Implementation and Results

The authors adopt a two-stage detection pipeline, built on the Faster R-CNN architecture, and evaluate their approach on well-established benchmark datasets, including PASCAL VOC and MS-COCO. Significant performance improvements under the one-shot detection setting are observed as compared to previous methodologies like Siamese Networks-based approaches and metric-based classifiers.

The CoAE framework demonstrates robust performance gains in average precision (AP) on unseen classes: 63.8% on VOC and 22.0% on COCO. These improvements are achieved without over-relying on pre-trained features for unseen classes, as evidenced by experiments using a reduced ImageNet dataset for pre-training.

Implications and Future Directions

The proposed framework not only introduces a potent baseline for one-shot object detection but also highlights the effectiveness of integrating non-local blocks and excitation mechanisms in enhancing detection performance. The co-attention strategy appears promising for further explorations in few-shot learning tasks, potentially extending applications to areas such as visual tracking and video analysis under similar constraints.

Theoretical implications pivot around the generalization of object detection models to class-agnostic settings. The marriage of co-attention and co-excitation mechanisms could inspire further research into cross-modal retrieval tasks or real-time adaptive object recognition systems without extensive labeled data.

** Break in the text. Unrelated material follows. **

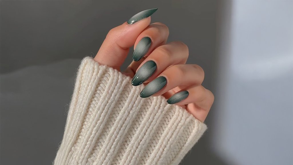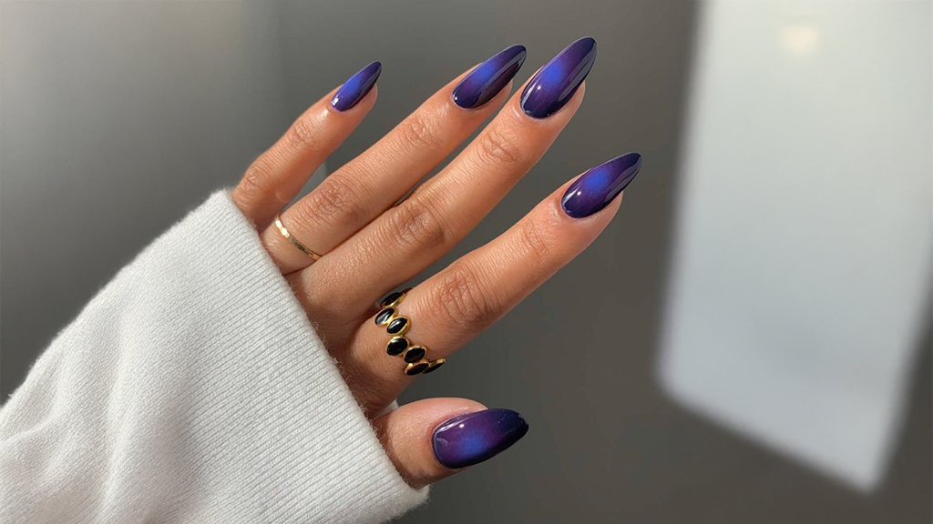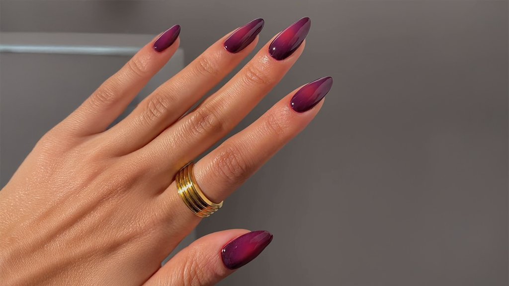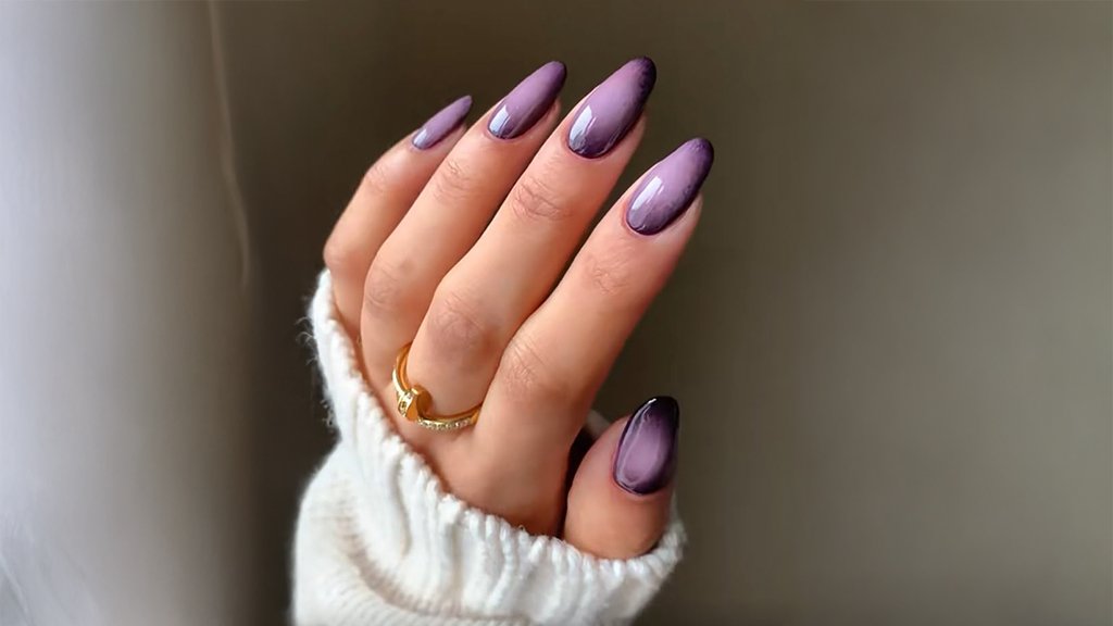 Aura nails have a soft, airbrushed halo that glows from the center of each nail, like a photographed aura. The blend can be sheer or high contrast, single shade or two-tone. Techs create it with an airbrush, sponge, or cat eye magnet over gel, then seal with a glossy or velvet-matte top coat. It works on any length and looks great on almond and oval shapes. Add a thin French edge, chrome mist, or tiny crystals if you want extra pop. For fall, think berries, plum, indigo, forest green, smoky lilac, espresso, and deep wine. A few examples of non traditional ideas that fit the season below.

One prospective evolution could involve evaluating the CoAE model's scalability and adaptability when a large number of novel object classes are introduced in complex scenarios, potentially coupling with unsupervised or semi-supervised learning paradigms to refine this capability further.

Overall, this work offers substantial directions for both practical implementations in object detection systems that require adaptability and theoretical advancements in one-shot learning methodologies.